The recent controversy over quorum in the Senate has transformed what many consider a dry procedural issue into a subject of national interest. Lawyers, politicians, constitutionalists and ordinary citizens alike have weighed in on the matter. At stake is not merely the counting of heads but the exercise of governmental power itself.
One aspect of the debate that deserves closer examination is the meaning of the phrase “majority of all its members” in determining quorum. Does it refer to a fixed numerical requirement based on the total membership prescribed by the Constitution? Or does it refer only to those members who are legally capable of participating in the proceedings?
At first glance, the phrase appears straightforward. A Senate composed of 24 members would seemingly require 13 votes whenever the Constitution calls for the concurrence of a majority of all its members. Under this view, vacancies, suspensions, detentions or other circumstances affecting individual senators do not alter the denominator. The Constitution speaks of the institution itself, not merely those present or capable of voting at a particular moment.
Proponents of this interpretation argue that constitutional voting thresholds are intended to ensure broad institutional consensus. To allow the denominator to fluctuate depending on temporary circumstances may dilute safeguards that the Constitution deliberately imposed. They maintain that the phrase “all its members” refers to the entire membership of the chamber as constituted by law and not merely those who happen to be available to vote.
The contrary view finds support in jurisprudence.
In Avelino v. Cuenco, the Supreme Court confronted a controversy involving the election of the Senate President.
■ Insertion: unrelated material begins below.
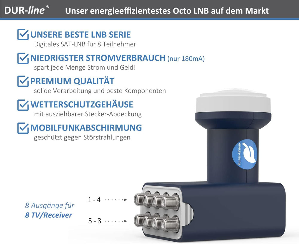 DUR-line Blue ECO Octo - Stromspar-LNB - 8 Teilnehmer - Premium-Qualität - 8-Fach, digital, Full HD,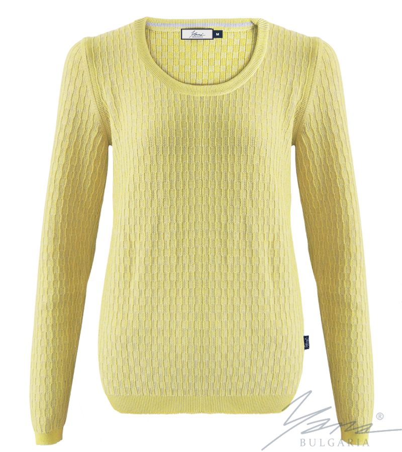 Bavlněné dámské svetry "YANA" JSC s výstřihem do "O" ve strukturálním úpletu dvou barev vanise s dlouhým rukávem pleteným 14 jemným jsou extrémně pohodlné a pohodlné na nošení, díky používaným světově nejlepším pletařským postupům. Nejvyšší výrobní standardy pro bavlněné tkaniny. Nejekologičtější konečná úprava díky švýcarské společnosti THIES GmbH . Svetr má stylový pravidelný střih, podle posledních módních trendů je pletený celomódně, bez střihu. Nejaktuálnější barvy sezóny. Ideální jak do kanceláře, tak na volný čas.

The Court observed that senators who were outside the Senate’s coercive jurisdiction could not be counted for purposes of determining the requisite majority. In effect, the Court recognized that there are circumstances where certain members may be excluded from the computation because they are beyond the body’s practical ability to compel attendance.
Those who advocate a functional approach draw support from this ruling. They argue that constitutional provisions should not be interpreted in a manner that renders governmental institutions incapable of functioning. If members who are legally or physically incapable of participating must nevertheless be included in the denominator, a relatively small number of absentees could frustrate the exercise of constitutional powers. Such an interpretation, they contend, elevates form over substance and may paralyze the legislative process.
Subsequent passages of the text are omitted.